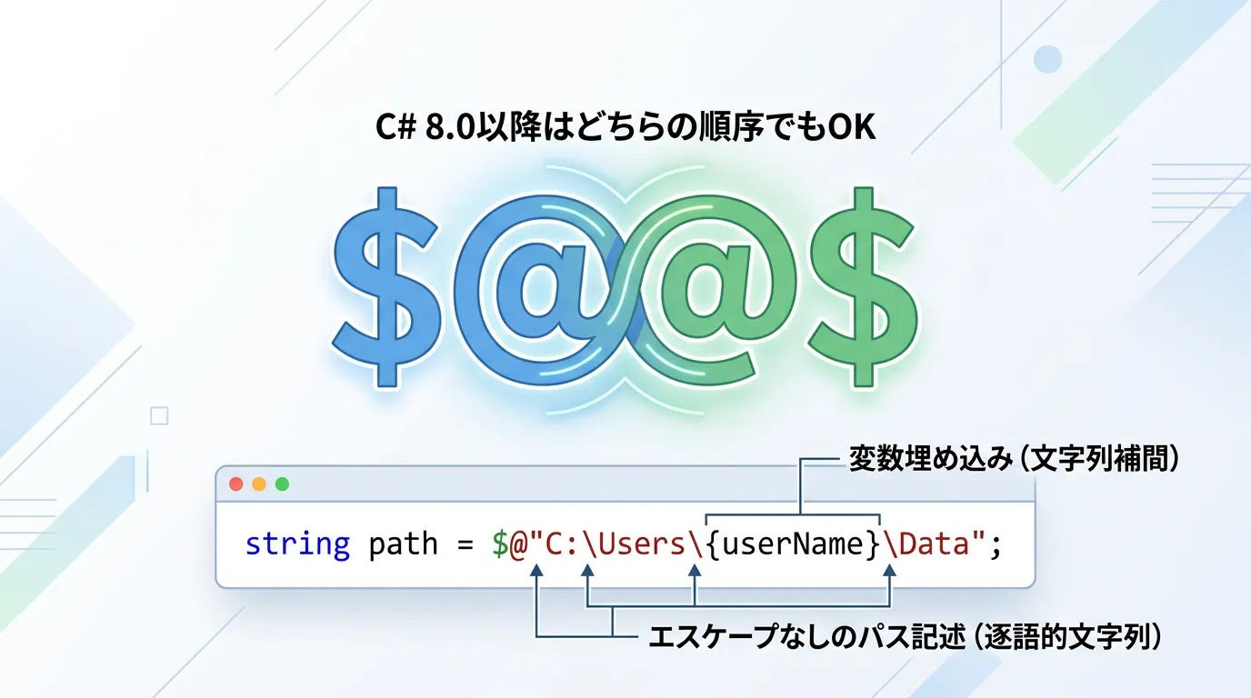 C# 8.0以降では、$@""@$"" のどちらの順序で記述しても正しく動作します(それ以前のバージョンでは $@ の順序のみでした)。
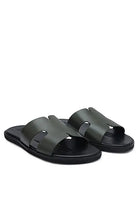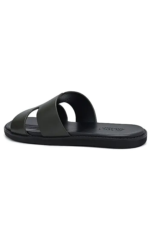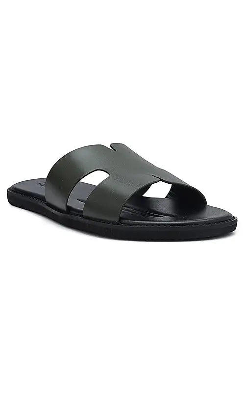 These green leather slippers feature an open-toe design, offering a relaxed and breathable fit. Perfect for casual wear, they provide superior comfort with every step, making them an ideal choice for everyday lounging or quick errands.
==
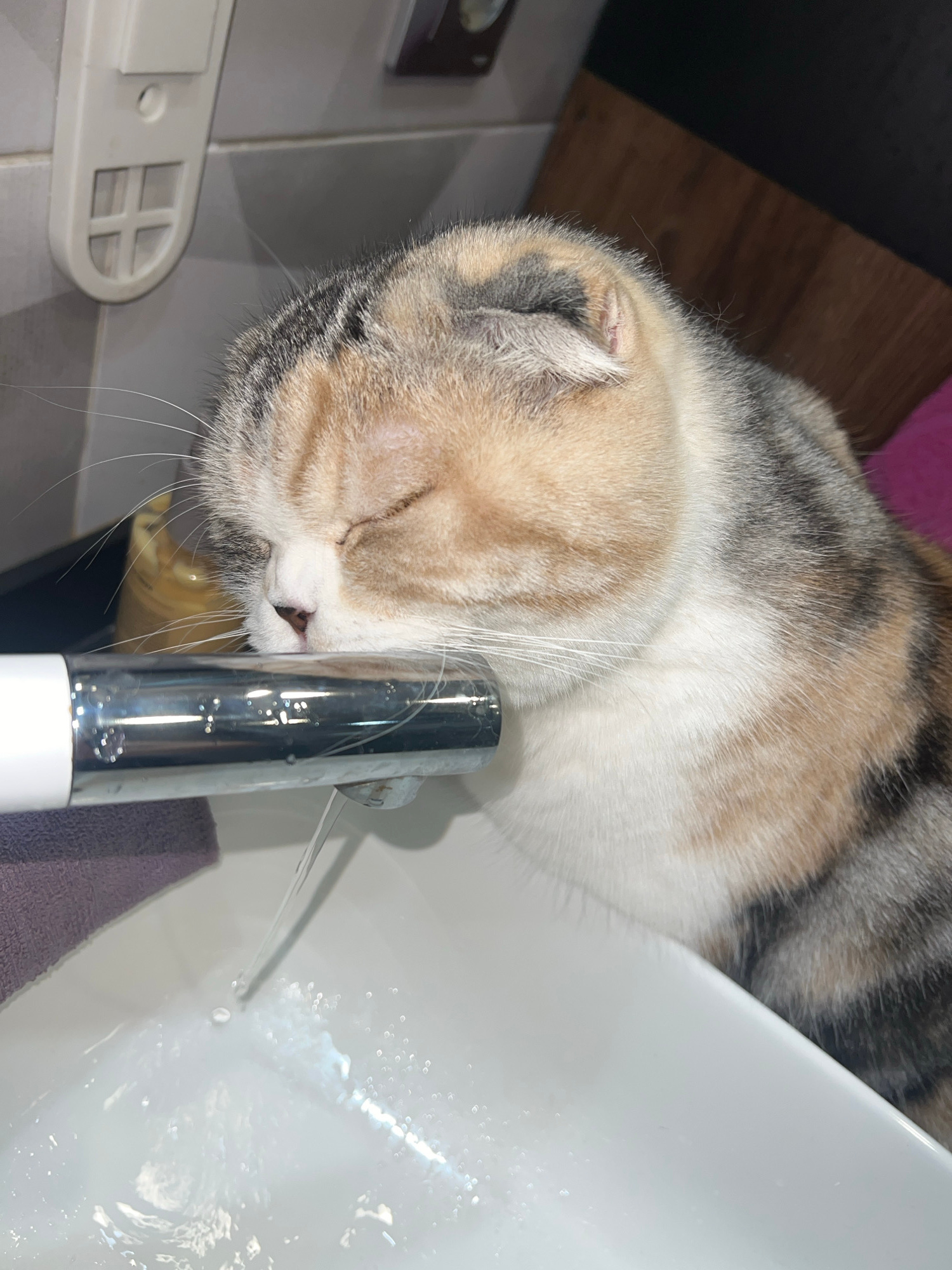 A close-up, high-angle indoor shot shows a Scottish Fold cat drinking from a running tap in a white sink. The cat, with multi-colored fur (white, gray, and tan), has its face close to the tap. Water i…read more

Action item:
Exact copy, pictures excluded: every line above from the one containing "のどちらの順序で記述しても正しく動作します(それ以前のバージョンでは $@ の順序のみでした)。" to the one containing "These green leather", inclusive, and nothing more.

Response below:
 C# 8.0以降では、$@""@$"" のどちらの順序で記述しても正しく動作します(それ以前のバージョンでは $@ の順序のみでした)。
 These green leather slippers feature an open-toe design, offering a relaxed and breathable fit. Perfect for casual wear, they provide superior comfort with every step, making them an ideal choice for everyday lounging or quick errands.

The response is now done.